I tested the Earthway spreader today by spreading 10 lbs of Anderson's Humic DG. It spreads okay but as noted by others getting the last 1/2 lb or so is not practical. I think I'll just have to add 1/2 lb of product in the future and just stop when it stops spreading.


----------



## Txmx583 (Jun 8, 2017)

As far as doing the job and spreading product, mine works flawlessly and I have not had the problems others experienced. Mine distributes all of the product in the hopper well until there is a few handfuls left then you just have to give it a small hop to knock the small stuff down. But that's not any different than any other spreader I've ever used. Once the product is below the agitator there isn't anything to help push it out and that's normal. I think it's a great unit and I would buy it again if I had to. My only complaint is the hopper size. If it were a 50lb hopper like the 2150 it would at least hold 40lbs haha. Linkage setups are far superior to cable setups as well. Less likely to stretch or break and they are much more accurate.

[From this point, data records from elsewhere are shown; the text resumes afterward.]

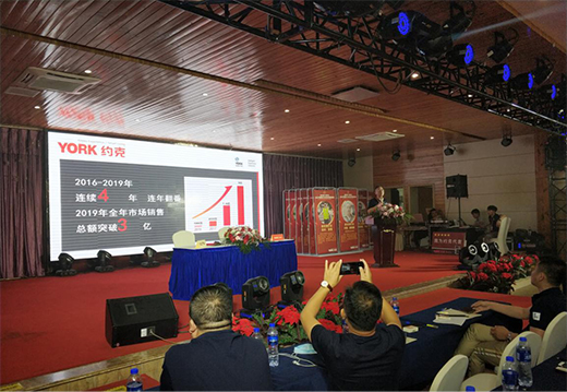 会议现场,YORK约克董事长韩海波先生在热情的掌声伴奏下,上台致欢迎辞并围绕“YORK约克的发展规划与品牌推广”发表重要讲话。YORK约克总部感恩各位分销商家人们一直以来对约克的信任与支持,让彼此能以情同手足的合作关系共同创下了众多的优异市场成绩,让YORK约克成为了如今在市场中耀眼夺目的存在。YORK约克也承诺定不负各位分销商的期望,用心做研发、细心做生产、诚心做服务、精心做推广、决心做发展,愿秉承最高的热情与最佳的工作态度,与各位分销商家人们继续并肩作战,同舟共济,共同创造更为灿烂的未来!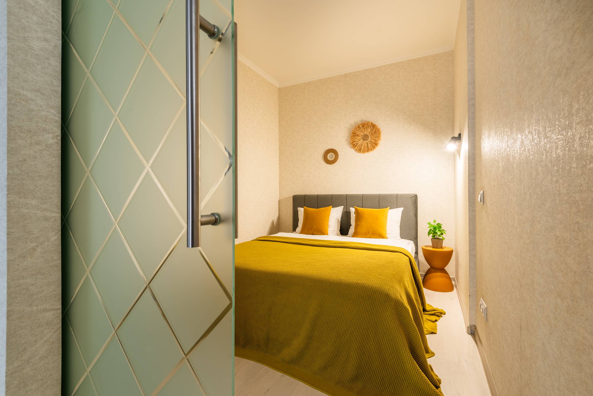 • удобная двуспальная кровать и диван с качественным постельным бельём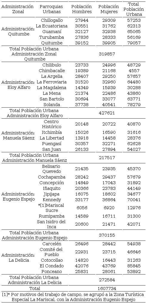 Esta herramienta contiene datos informativos referentes a la ubicación, género, estado civil, residencia, edad, ocupación y nivel de estudios; posteriormente se encuentran preguntas estructuradas sobre las actividades de ocio relacionadas con lugares, frecuencia, tiempo desplazamiento, grupo social y aspectos a considerar; por último, se definen tres preguntas abiertas para identificar la percepción de los residentes y conocer la satisfacción en base a la oferta actual. La encuesta estará dirigida a hombres y mujeres de 16 años en adelante sin considerar ocupación, estado civil y nivel de estudio. Para poder aplicar la encuesta fue necesario la determinación del área de estudio de la presente investigación, que es la parte comprendida por las 32 PU, la población universo es de 1´619.146 habitantes, lo cual equivale al 72,3% de la población total del DMQ. Se procedió a extraer la porción del total de la población en el área urbana de las AZ Quitumbe (AZQ), Eloy Alfaro (AZEA), Manuela Sáenz (AZMS), Eugenio Espejo (AZEE) y La Delicia (AZLD); cabe mencionar que la Administración Especial Turística La Mariscal (AETM) por tema de agrupación y trabajo previsto, se encuentra inmersa en la AZEE por compartir la parroquia Mariscal Sucre. La división establecida fue valedera para certificar la encuesta en relación a la cantidad de residentes.

I'm going to see if I can mount a 2150 hopper on mine and if so I'll be a happy camper.


----------



## greencare (Sep 14, 2019)

greengrass said:


> Awar said:
> 
> 
> > Buster said:
> ...


If it provides any reassurance, Scotts has their Elite model's agitator pins pre-installed in similar fashion (half-way through).


----------



## Awar (Feb 25, 2019)

greencare said:


> greengrass said:
> 
> 
> > Awar said:
> ...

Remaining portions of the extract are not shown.